Experimenting with Chaos Engineering
In this tutorial we will:
- Install Litmus Chaos
- Checkout and deploy sample microservice applications to a Kubernetes cluster.
- Run a network loss fault experiment
- Run a network delay fault experiment
Prerequisite
- A running Kubernetes cluster
- A development machine that can run Java and Maven.
Install Litmus Chaos
Litmus Chaos is a cloud-native software to run Chaos Engineering on the Kubernetes cluster. It comes with custom resources and a web UI that you can use to run an experiment.
You can install Litmus Chaos using Helm or Kubectl by following the steps here.
Checkout and deploy sample microservices
git clone -b start [email protected]:pongsatt/chaos-demo.git
cd chaos-demo
They are simple microservices called provider-app (Go) and consumer-app (Java). As the name suggests consumer-app calls to provider-app using HTTP API.
To simplify the process, I will use Skaffold to build and deploy these applications to Kubernetes. You can use your tool to do it or follow this tutorial if you want to use Skaffold.
For Skaffold users, run these commands to start both applications.
cd provider-app
skaffold dev
cd consumer-app
skaffold dev
A Successful startup should look like this. Both applications started successfully
Open consumer-app using port-forwarding.
kubectl port-forward svc/consumer-app 8080:8080
You can also access the application using NodePort.
Open URL http://localhost:8080.
API Response from consumer-app and provider-app
You can see that the response is from both the consumer-app and provider-app because the consumer-app also calls to provider-app and combines it into a single response.
We are ready to run the Chaos experiment.
Run a network loss fault experiment
In this experiment, we will inject network loss to the provider-app and keep checking if the consumer-app’s API is still working as expected.
Create a new Workflow
Log in as an admin, and click the “Schedule a workflow” button.
Chaos Center home page
On the “create new workflow” screen, choose “Self-Agent” as a running agent.
This agent was created automatically after installation. If you cannot see it, wait for few minutes or check if the installation is complete.
Choose Agent
Choose “create a new workflow experiment” from “ChaosHubs”.

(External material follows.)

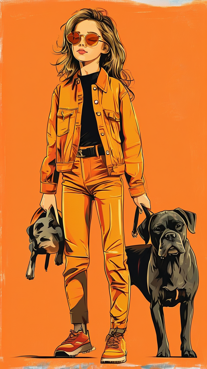 提示词: 扁平插画,一个可爱的卡通女孩穿着时尚的衣服戴着墨镜抱着狗,全身,橙色背景,以Keith Haring的风格涂鸦,清晰的插图,大胆的线条和纯色,简单的细节,极简主义。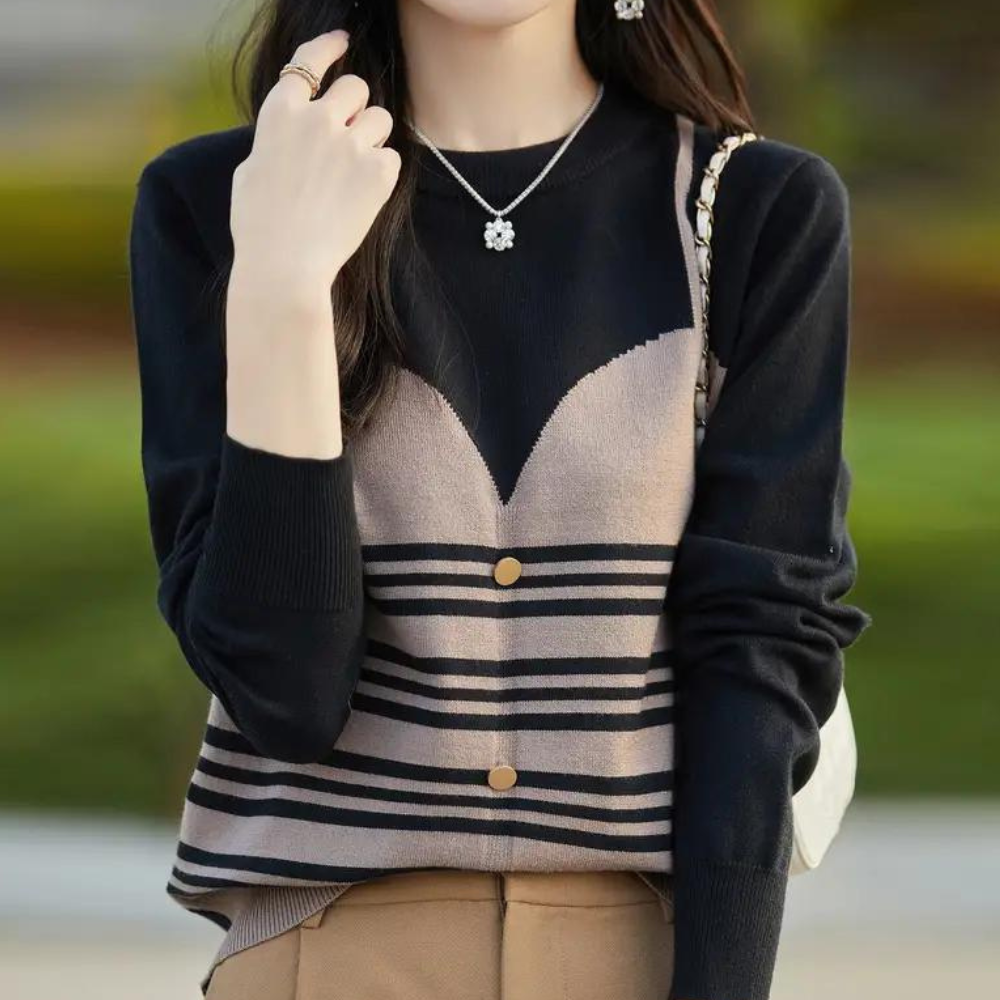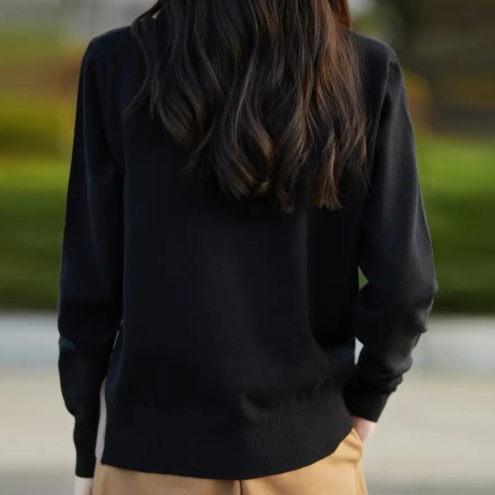 This refined knitted sweater for women offers an elegant and timeless appearance, perfect for cooler days. The delicate knit pattern and refined fit create a chic look, while the soft fabric provides comfort all day long.

This option is for creating a workflow from scratch. You can also save already run workflow as a template and choose cloning from existing workflow option.
Choose where to get the experiment template
Naming your workflow and click the “Next” button.
Add an Experiment
At this step, we need to add experiments and the sequence to run it. We will add only one experiment to inject network loss into the provider-app application.
Click the “Add a new experiment” button.
Add an experiment
Choose “generic/pod-network-loss”.
Choose Pod network loss experiment
Click the edit button (pencil icon) to tune our experiment.
Edit experiment
Set experiment’s target
Click next to change “Target Application”. Then change “appLabel” to “app=provider-app”.
This label is specified in our deployment yaml.
Change target application
Add a Probe
Click “Next” then click “Add a new Probe” to measure the state of our consumer-app application. Fill in the information below then click “Add Probe”.
Probe information
This probe will call to our consumer-app API from inside the Kubernetes cluster “http://consumer-app.default:8080” (default is our namespace).
Probe Mode = Continuous - Call the API continuously throughout experiment. Meaning our application needs to be stable from the start, between, after the experiment.
Probe Properties - Make request every 3 seconds with 5 seconds timeout (in case of slow response) and if failed, retry once.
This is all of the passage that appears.